Contra a servidão do espírito: sobre política, ética e educação, por Nadja Hermann
(Escher, Relatividade, 1953)
É preciso romper com nossa histórica incapacidade em perceber que anos de contínuo descuido com a educação teriam profundas consequências sociais
A política e a ética, enquanto importantes experiências da vida humana, foram e continuam sendo iluminadas por potentes conceitos de muitos pensadores. A clássica definição aristotélica do homem como animal racional e político teve tal força que o mundo ainda não conseguiu exorcizá-la. Ela evidencia a relação entre logos e polis (entre racional e político), pois o logos habilita o homem a diferenciar o útil do prejudicial e também o justo do injusto (Política I,1253 a10). Pensar e falar sobre essa diferença só é possível na polis, com os outros. Nesse processo nos humanizamos e nos tornamos sensíveis para perceber aquilo que violenta o ethos e assim preservamos a vida.
Uma força dessa natureza se expressou nos movimentos das ruas do Brasil, desde 2013, mostrando uma vontade que reivindica, que protesta. A ordem social violada pelas persistentes denúncias de corrupção, de violência política e ética foi levada ao espaço público. A educação entra nesse cenário porque é ela quem forja a formação da vontade política e ética. Responsabilizar e punir os políticos e todos os envolvidos na corrupção faz parte da uma ordem institucional e moral. Mas não basta. É preciso de cidadãos vigilantes para denunciar o imediatismo do cálculo político e as tentativas frequentes de tirar vantagem em tudo, seja na vida pública ou privada. Além dos prejuízos concretos, isso corrói nossa compreensão moral e nossa capacidade de julgar, porque fragiliza os costumes e esgarça o tecido social. É a educação que prepara os homens para a capacidade racional de distinguir o justo do injusto. Ela permaneceu, na maioria das vezes, obscurecida pela confusão entre obter conhecimento e formar o homem, obliterada por uma miopia que esvaneceu as diferenças entre treinamento de habilidades e formação do eu. É preciso romper com nossa histórica incapacidade em perceber que anos de contínuo descuido com a educação e de lesões na infraestrutura normativa teriam profundas consequências sociais.
O vínculo entre política, ética e educação depende de um longo processo formativo, não evidente de modo imediato; ao contrário, depende de uma multiplicidade de mediações, de experiências, pelas quais cada um de nós afasta-se de si e de seus interesses para se apropriar do mundo e de seus ordenamentos simbólicos.

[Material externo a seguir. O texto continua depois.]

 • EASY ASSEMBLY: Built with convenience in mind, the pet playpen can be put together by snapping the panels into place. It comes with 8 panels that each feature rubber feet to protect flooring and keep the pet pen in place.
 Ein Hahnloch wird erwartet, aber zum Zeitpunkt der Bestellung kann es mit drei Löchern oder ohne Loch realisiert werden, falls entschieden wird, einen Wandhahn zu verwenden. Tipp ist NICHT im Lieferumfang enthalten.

Com esse movimento pode-se reconhecer a verdadeira grandeza das produções culturais e da ética que abrem um novo horizonte e, com isso, enriquecem a própria interioridade. Ou seja, há uma socialização e uma autocriação, que permitem inclusive a revolta contra todo esse processo. A formação é uma abertura para o reconhecimento da alteridade, fazendo com que sejamos capazes de dar sentido àquilo que é exterior a nós, o que significa compreender o outro e compartilhar simbolizações, lealdades e expectativas comuns. É um antídoto à intolerância e à violência.

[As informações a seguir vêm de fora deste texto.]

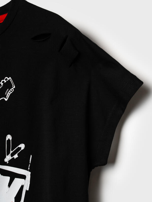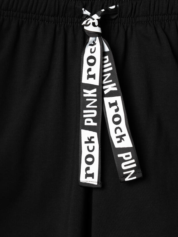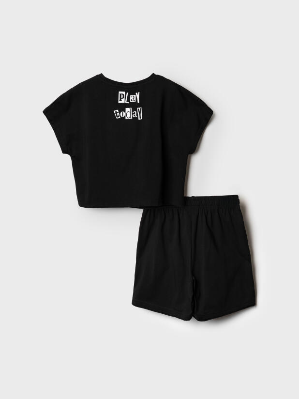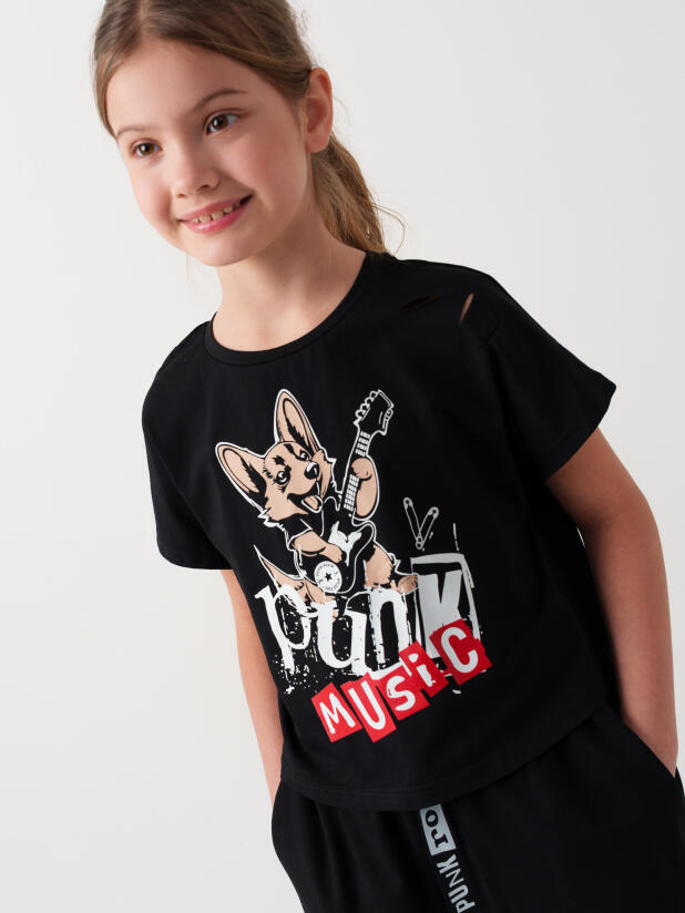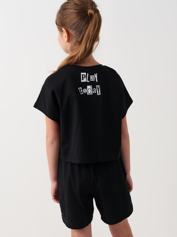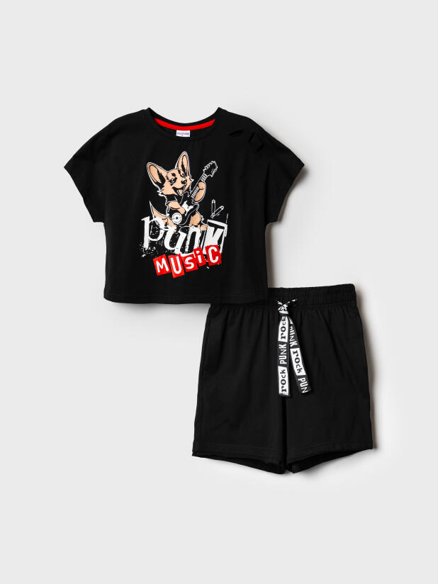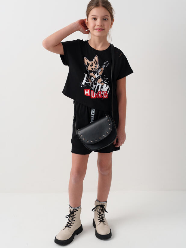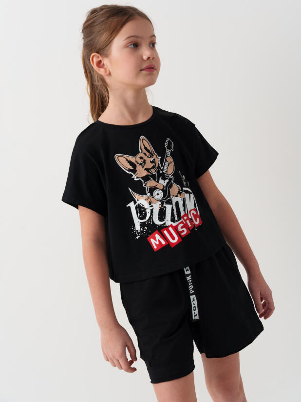 Стильный костюм для девочки подростка. Состоит из футболки с коротким рукавом и шорт. Укороченная футболка оверсайз с принтом. Декоративные разрезы. Шорты свободные, хорошо сидят на талии благодаря эластичному поясу и регулирующему шнурку. Удобные боковые карманы.
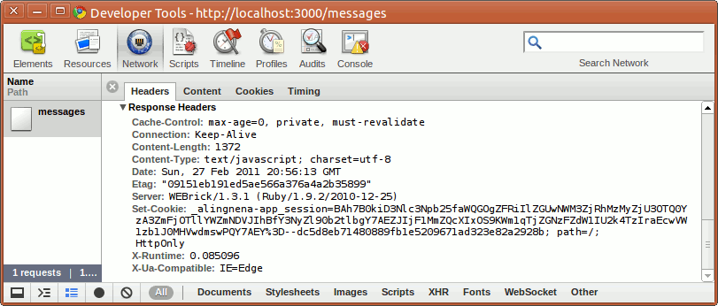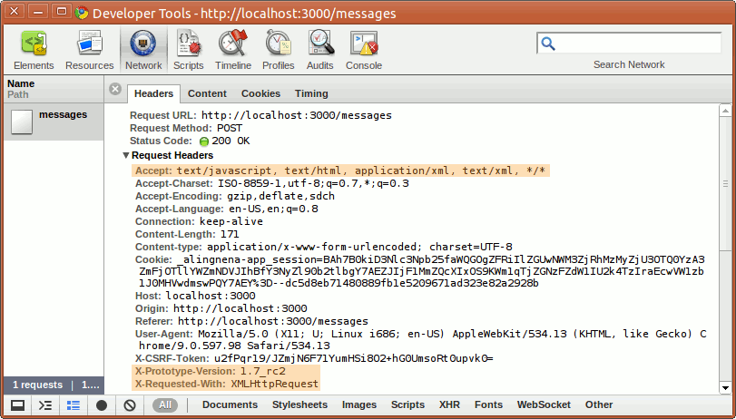From the request headers, we could see that it’s using XHR and Prototype. However, the important thing here to note is the text/javascript in the Accept header which tells Rails the format the request requires.
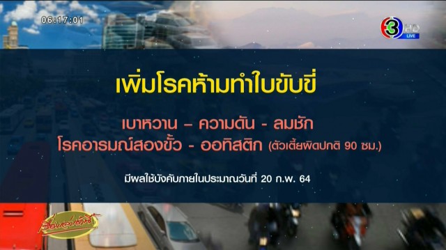 จ่อเพิ่มโรค 'เบาหวาน-ความดัน-ลมชัก' ห้ามทำใบขับขี่ ต้องให้แพทย์ประเมิน ออกใบรับรองแพทย์
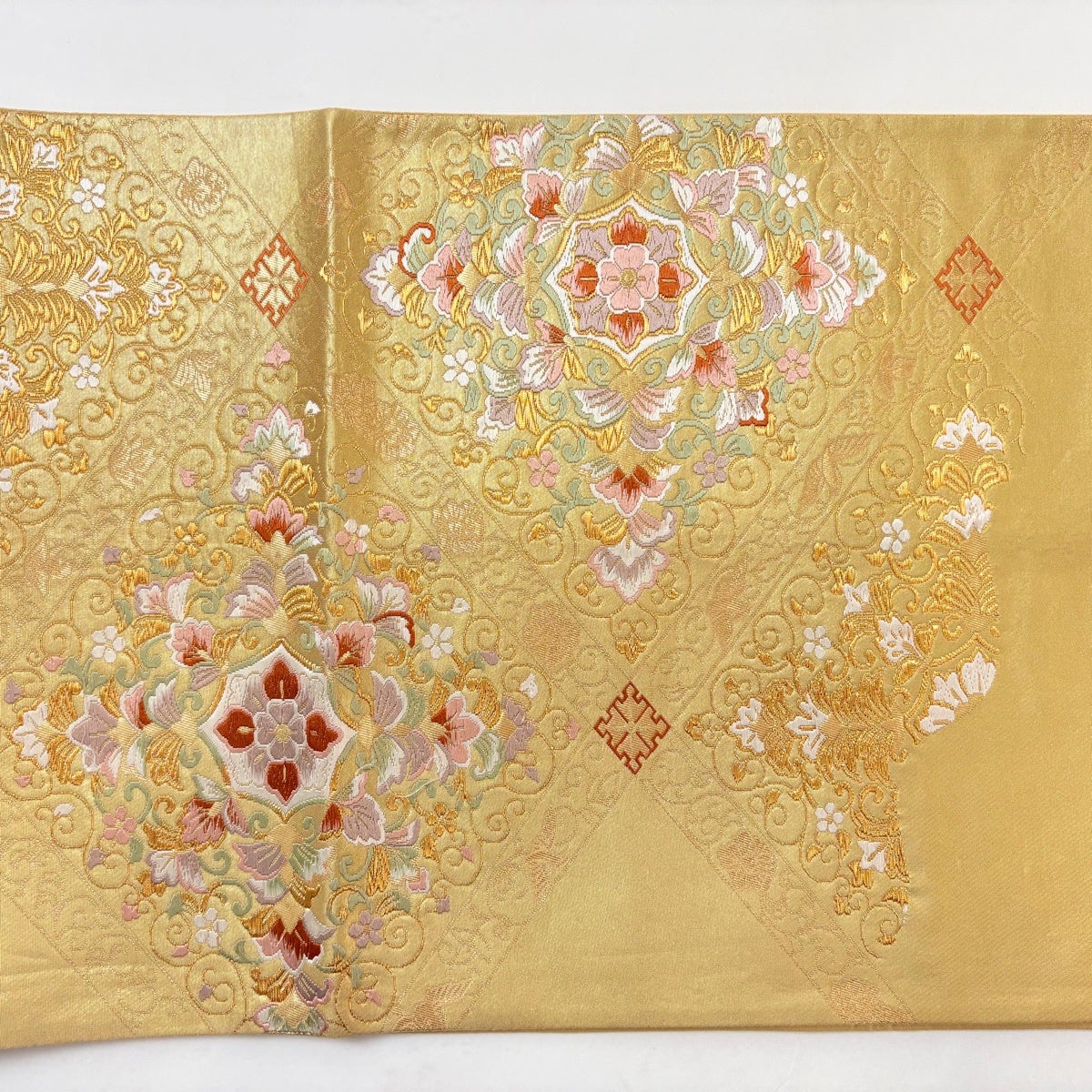 袋帯 秀品 正倉院横段瑞華文 金糸 箔 金茶 お太鼓柄 正絹
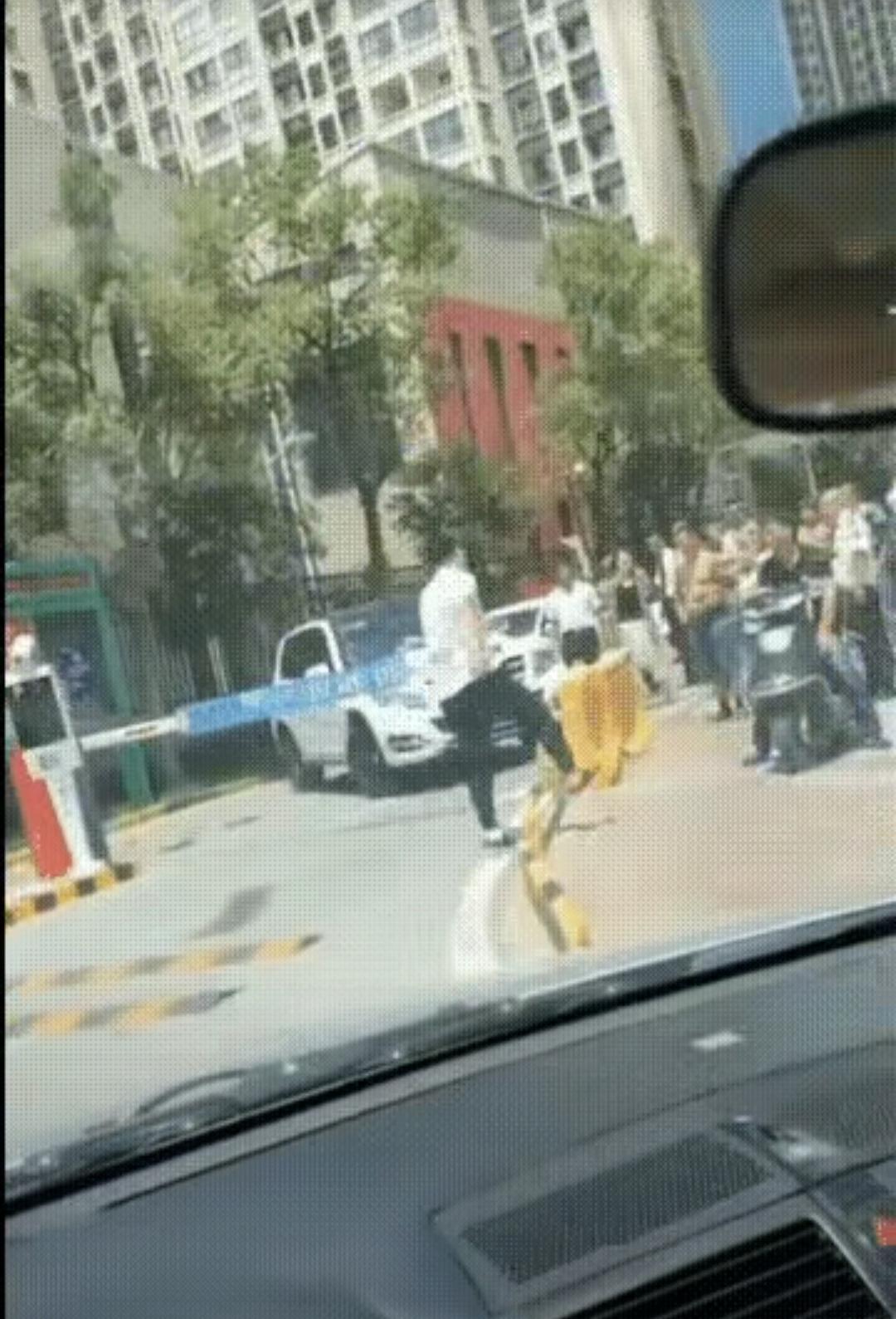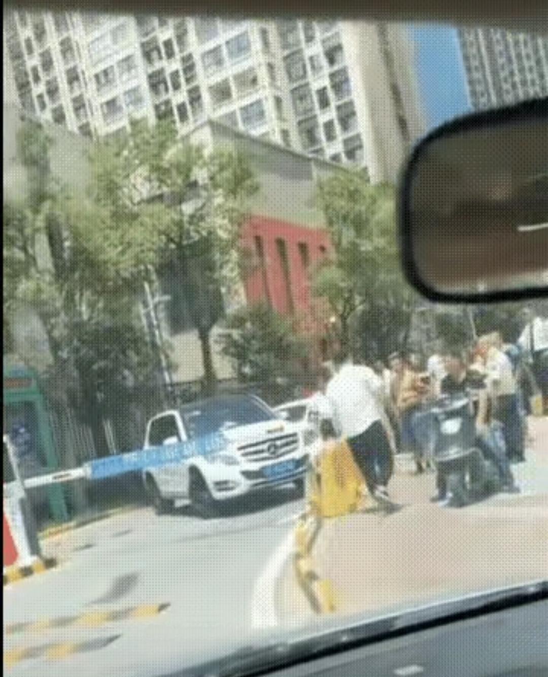 奔驰女士因斗气把车横在小区大门口,一位男业主挥拳相向? 先不说堵门多缺德——

A preocupação com esse tema não constitui novidade, pois acompanha os homens desde seus primeiros esforços para interpretar o mundo. Afinal Platão já nos tinha alertado, no século IV a. C. que “as cidades para serem felizes, não precisam de muralhas, navios, arsenais, tropas, nem grandeza. Só precisam de virtude”. Rousseau, em outro tempo também questionou se o nosso maior problema não é ainda a educação dos homens e mostrou a importância da educabilidade para superar sentimentos irascíveis e egoísmos e realizar de algum modo a sociabilidade. De lá para cá a complexidade dos problemas aumentou e a nossa responsabilidade também. As reivindicações das ruas mostraram que algo aprendemos, mas há ainda muito por fazer. É preciso questionar nossa educação e, sobretudo, o abandono social a que foi submetida. Sem um profundo processo reflexivo que nos convoque a avaliarmos sem restrições nossas atitudes, corremos o risco de manter a servidão do espírito e da imaginação, incapazes de distinguir o justo do injusto. A filosofia continua sendo convocada para trazer luz a essa experiência.
Nadja Hermann é professora de Filosofia da Educação, pesquisadora do CNPq, autora de diversos livros, entre eles Ética e estética: a relação quase esquecida (EDIPUCRS, 2005); Autocriação e horizonte comum: ensaios sobre educação ético-estética (Editora UNIJUÍ, 2010) e Ética e educação: outra sensibilidade (Autêntica, 2014) e Diálogo/Educação em co-autoria com Márcia Tiburi (Editora Senac, 2014).